À mon voisin d’immeuble (celui de l’étage au-dessus)

Madame, Monsieur,

Bien que nous soyons excédés par les lourds trottinements au-dessus de nos têtes, de jour comme de nuit, nous n’en voulons pas à votre cher enfant ni à vous-même. Mais pourriez-vous l’éduquer à ne pas courir à toutes jambes pour vous rejoindre dans votre lit au milieu de la nuit ?

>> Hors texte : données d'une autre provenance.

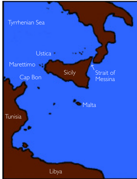
Fig. 1. Map showing the position of Ustica, and other key raptor migration watchpoints in the central Mediterranean.

Each spring, thousands of raptors cross the Mediterranean Sea between Africa and southern Italy during their northward migration to European breeding areas. Within this region, the largest concentrations have been reported at the Strait of Messina, between southern mainland Italy and Sicily (fig. 1). Corso (2001) documented an average of 26,062 raptors migrating across the Strait of Messina each spring between 1996 and 2000 (table 1). At this site, raptors crossing the Strait of Sicily, between the Cap Bon peninsula and western Sicily, converge with those migrating north
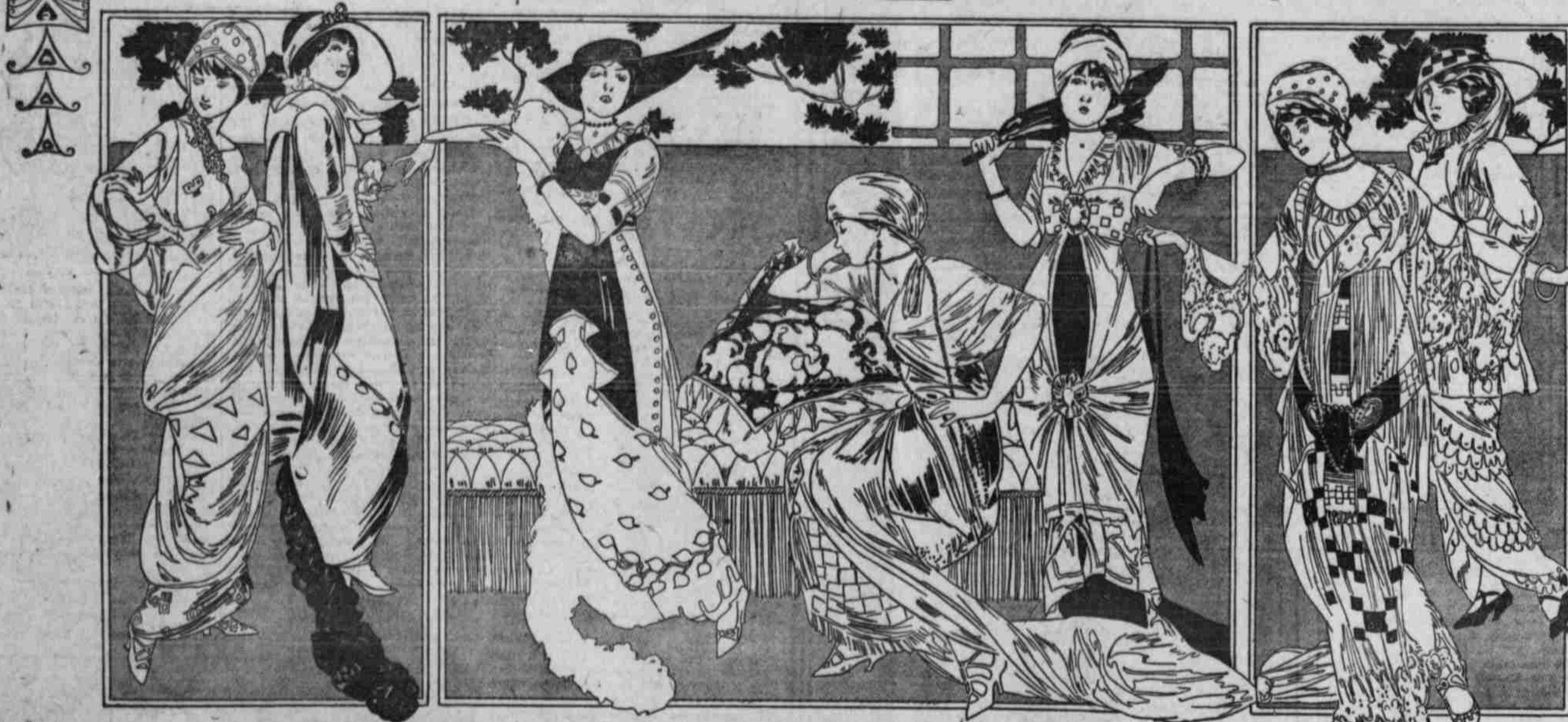
A Group of New Dresses Designed by Bakst, Reflecting the Harem Fashions.
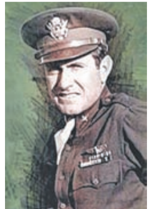
Louis Zamperini (1917 - 2014) in 'Captured by Grace'

You can view the free online documentary or purchase a DVD at billygraham.org .
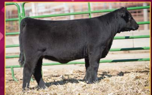
Felt Walk On Water 563D
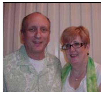
Saturday Choice Open Pairs
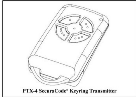
PTX-4 SecuraCode® Keyring Transmitter
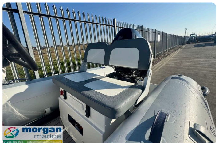
Highfield Classic 380 GT console - seating
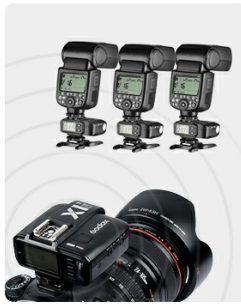
Wireless Speedlite Trigger
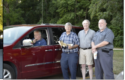
K9NR(fox), N9DWE, KA9TAG, N9IO
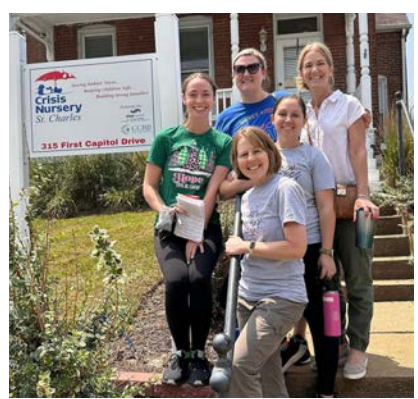
Ladies with Mercy Kids spent the day with us! What a treat, they were amazing with the kids and so helpful! They made a huge recycling run for us and helped to make our space neat and tidy. We can't thank them enough!
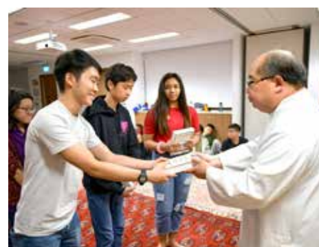
RCIY retreatants encountering God and building community.
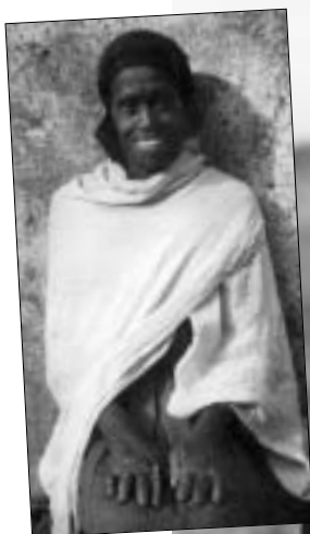
Somali woman cured of leprosy.
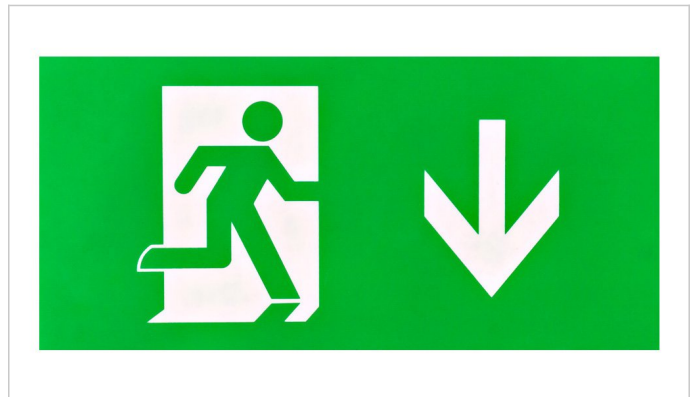
OEZ LED DL ISO7010
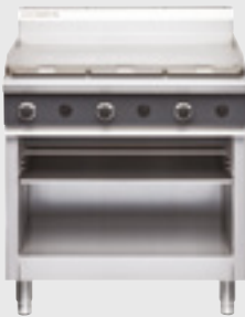
CT9 900mm Gas Griddle Toaster

W 600mm D 800mm H 915mm INCL. SPLASHBACK 1085mm
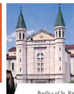
Basilica of St. Rita

for the entire diocese of Norcia; a precious and artistic monstrance was consecrated, and the entire historical documentation of the miracle was published.
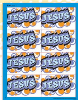
"Jesus, Here's How I'll Put You First" Teaching Aid
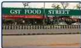
GST Food Street
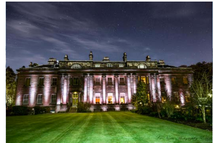
Lee's Wedding Photography
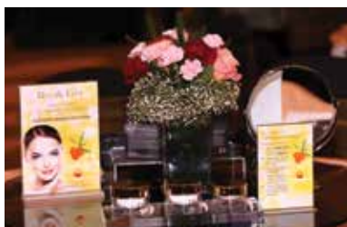
The Royale D'or skin care product range consists of the Regenetics Lifting & Firming Day Cream, Regenetics Advance Recovery Night Cream and Regenetics Wrinkle-Repair Eye Contour.

Je vous recommande de lui donner le soir deux comprimés de Sédatif PC. C’est ce que nous prenons nous-même pour essayer de nous rendormir à quatre heures du matin. Ce médicament homéopathique marche bien avec les enfants (moins bien avec les gens âgés que nous sommes).

Cordialement,

Votre voisin du Troisième étage

Phobophobie

Au secours : j’ai des phobies !

Je suis suivie par un psychiatre (il me suit sur Facebook). Maintenant, je suis suivie (toujours sur Facebook) par un enquêteur de la police judiciaire. Je serai bientôt suivie par un juge d’application des peines pour s’assurer que je suis bien rééduquée. Faute de quoi, on m’enverra au bagne : au choix Cayenne ou Biribi.

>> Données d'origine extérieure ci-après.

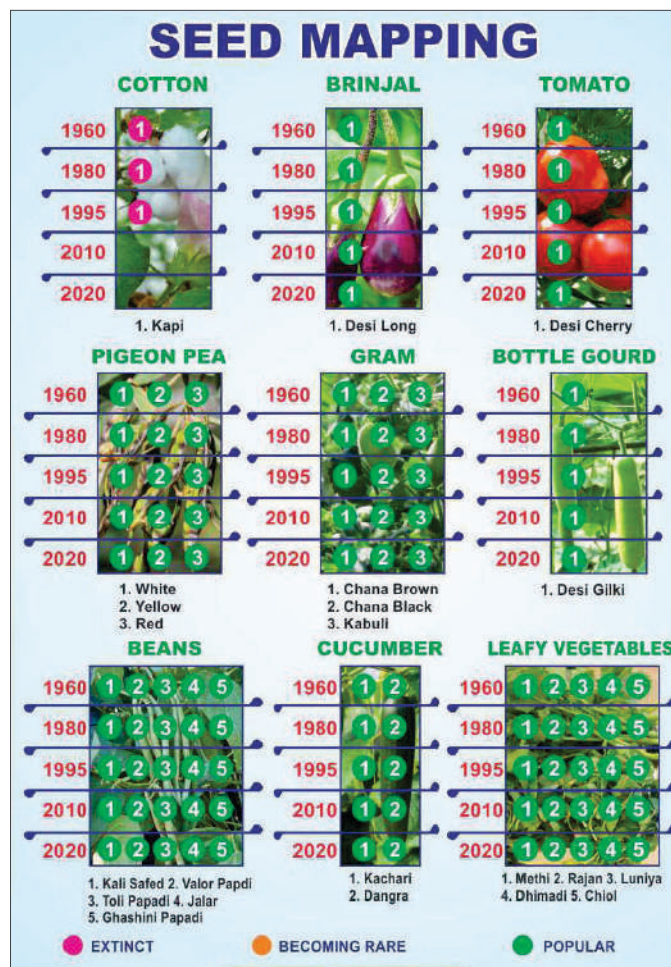
Photo: Mapping of Indigenous varieties of crops which have extinct or on the verge of extinction
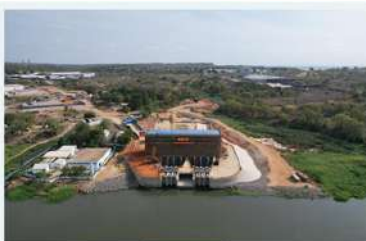
MAR 31, 2026 Construction work on the Quiionga Grande water supply system is progressing well.

Car mes phobies sont graves et portent atteinte à l’unité nationale. Je suis un.e fauteur.euse de troubles et je fomente la désunion du pays en semant des écrits ou des confessions littéraires sur mes phobies. Mon psychiatre ne peut plus les contenir, je tombe maintenant sous le coup de la loi. C’est qu’on a pénalisé les peurs, certaines bien innocentes : je vivais très bien avec ma répulsion des rats, des serpents, des araignées et des imbéciles, et quelques comprimés d’anxiolytiques.

Avec les phobies pénalisées, les peurs nous sont donc interdites ! Dommage, car la peur a un grand mérite : elle met en alerte par rapport à un danger putatif et elle fixe l’anxiété, qui, elle, est diffuse. (il paraît que le cannabis est souverain).

Voilà donc au tribunal, en rangs serrés de douaniers de la psyché au regard sévère, les névroses interdites : je ne dois plus avoir peur du noir, ni du Noir, ni du Jaune. Je ne dois plus avoir peur d’un fanatique qui entre dans l’église où est célébrée une messe. Je ne dois plus dire que mon modèle, c’est un top modèle occidental longiligne élégant et non une Vénus Hottentote revisitée à la tignasse envahissante.

Mon psychiatre a diagnostiqué une phobophobie. Résultat : en plus de mon psychiatre, d’un enquêteur et de l’inspecteur des impôts, j’ai plein de gens qui me suivent sur Facebook !

L’heure des poubelles

7 h 50 ce matin à Paris : l’heure des poubelles… arc de triomphe ou arc de défaite (de l’art) ? Un grand désir de pousser le perform’art jusqu’au bout en donnant un coup de cutter dans le polyvinyle grisâtre (du pétrole !) genre linceul en période de pandémie. Mais il y a trop d’agents de sécurité autour, trop de gilets bleus dédiés à l’explication du  monument… il faut l’expliquer ?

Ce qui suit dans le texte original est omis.